Get 7–9 hours of sleep per night: Sleep is crucial for tissue repair, hormonal balance, appetite regulation, and recovery.
Safely get sun exposure: Natural sunlight for 20-30 mins daily to get vitamin D, while avoiding excessive UV exposure that can damage skin.
Practice stress management: Chronic stress increases fat storage and accelerates cellular aging.

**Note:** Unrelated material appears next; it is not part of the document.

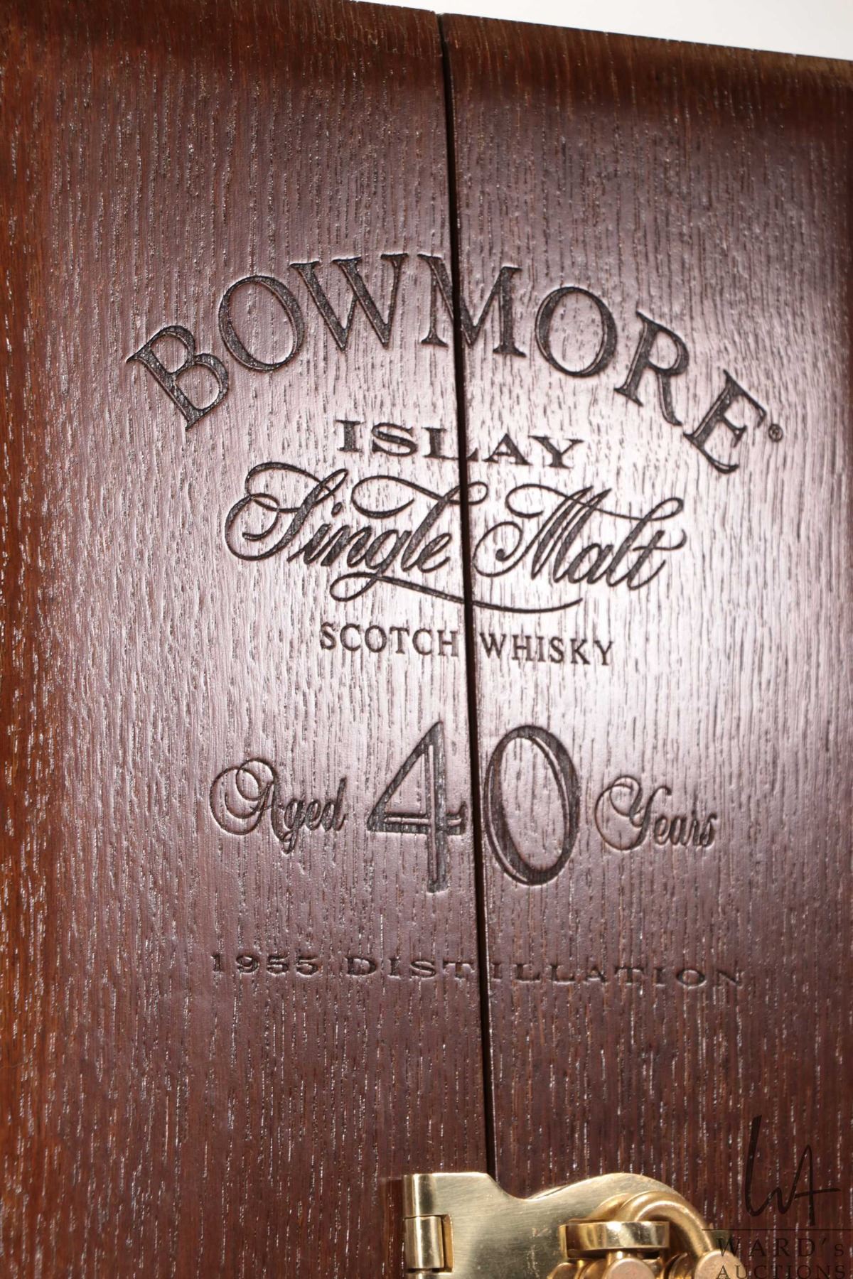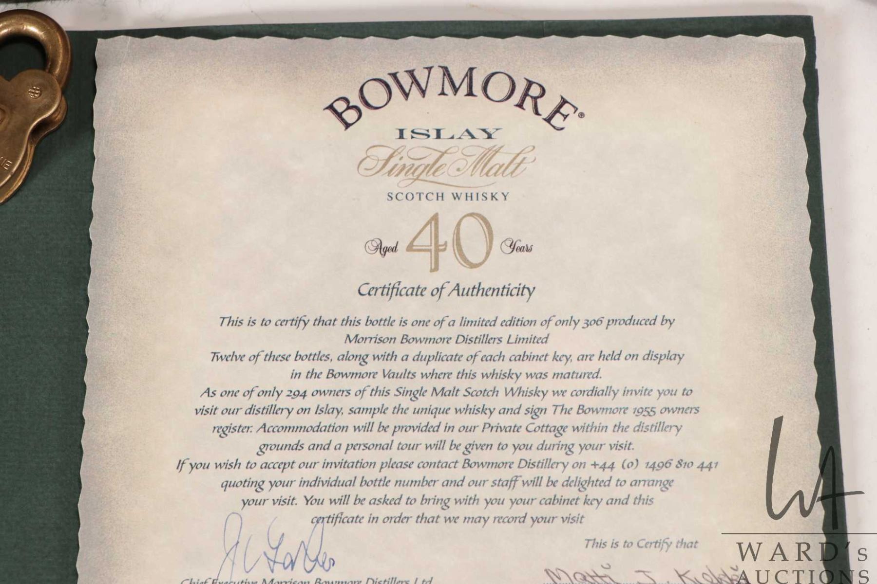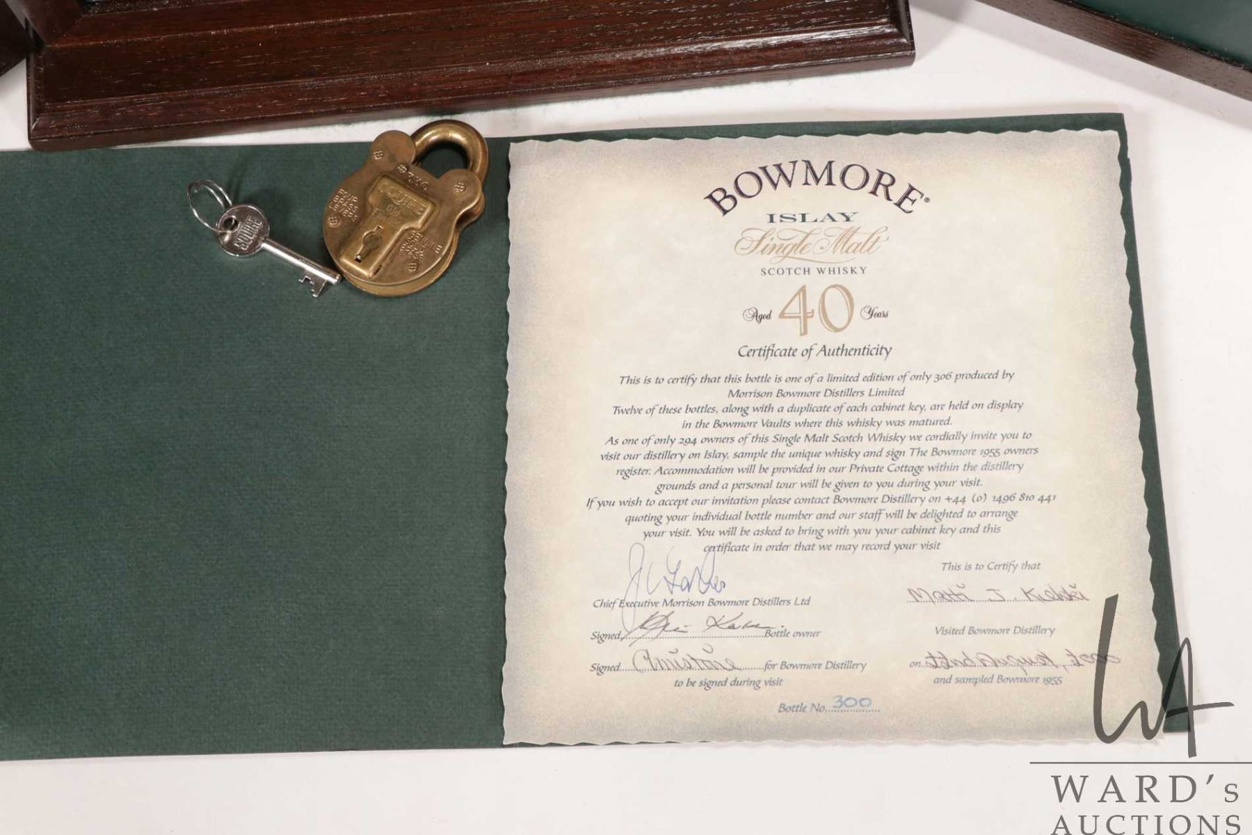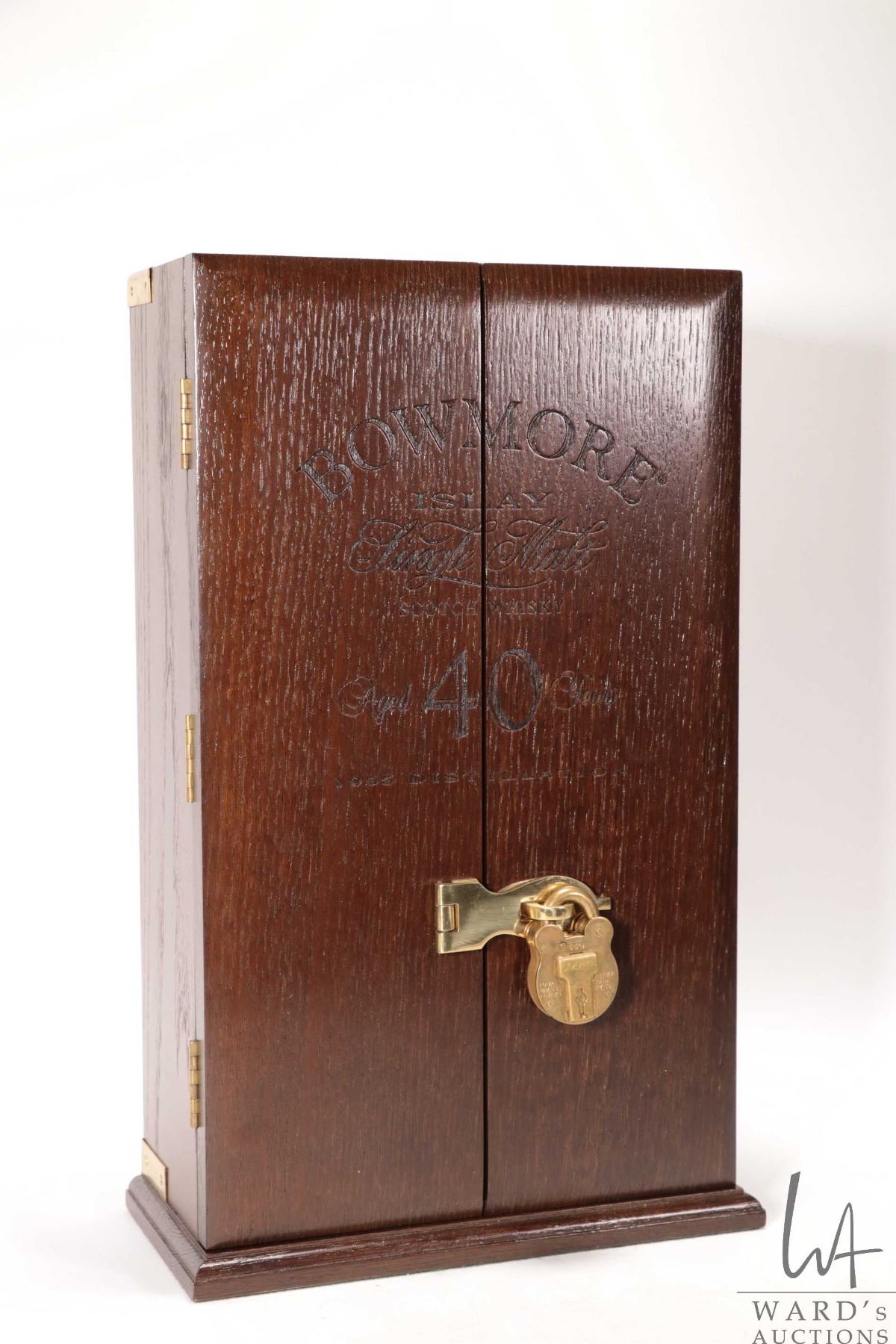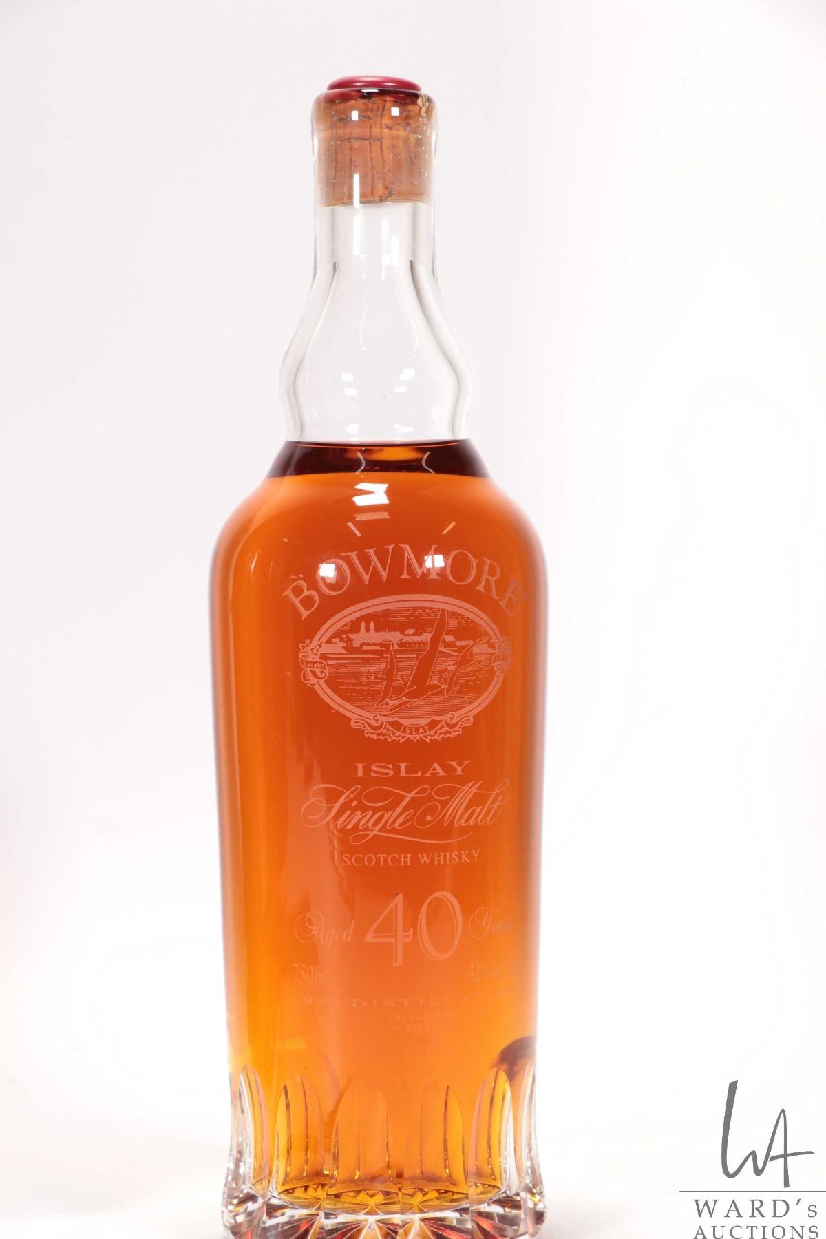 Bowmore/ Rare 40 Year-Old/ Single Malt Scotch Whiskey / 700ml/ 42% ABV This limited edition package is bottle number 300 of a total edition of 306 and only 294 issued to the public. You'll find very few on sale to the public today and research indicates that there are only two bottles known to be in Canada. Not only is it in the oak display case, with crystal bottle and stopper, you also get the certificate of authenticity, original pad lock with key and the original shipping packaging. This bottle has only had one owner since leaving the Bowmore distillery. This whisky was distilled on November 22nd, 1955, first in a bourbon hogshead for twenty years and then moved to a sherry cask. Bottled in 1995. Ward's Auctions will store this bottle for up to six months for foreign buyers to arrange for export brokerage. Insurance during that time will be the responabilty of the buyer and Ward's Auctions will accept no responsibilty for damage or loss during that time. Although every effort will be made to keep it safe. Note: Alcohol cannot be insured by any courier in Canada. Local pick up is recommended. Canadian bidders only

Body composition is a useful indicator of both metabolic health and physical capability. While aesthetic preferences will continue to change, the science is clear: higher lean body mass while maintaining body fat levels between 10-25% for men and 20-30% for women improves quality of life, reduces disease risk, enhances fitness, and slows aging. Whether your goals are performance, health, or longevity– optimizing your body composition is one of the best investments you can make for your future.
Take Action:
Know Your Body Composition– Get a DEXA Scan (if feasible): A DEXA scan is the most accurate and accessible way to measure your ratio of lean mass to fat mass, and see how it’s distributed throughout your body. BodySpec is located just one mile from CFCL and offers scans for around $50–60.
Commit to 2 Weeks of Healthier Choices: Prioritize lean protein and high-fiber foods at each meal, avoid processed foods, and exercise consistently.
Bonus points if you also: Get 8+ hours of sleep nightly, eat during an 8–12 hour window, spend 20 minutes in the sun daily, and implement other stress-reduction strategies.Track/Notice Results: How do your clothes fit? Any changes in weight? Do your muscles feel or look more defined? Are you performing better? How do you feel?
Set Longer-Term Goals: Use this challenge as a starting point. If your DEXA scan shows body fat above the healthy range (10–25% for men, 20–30% for women), set SMART goals to increase lean muscle and reduce excess fat by continuing these healthy practices over time. Likewise, if you are currently at a healthy body fat level, you can use this information to set a goal to increase lean mass (muscle and bone), since the more lean mass you have, the healthier your long term outlook will be.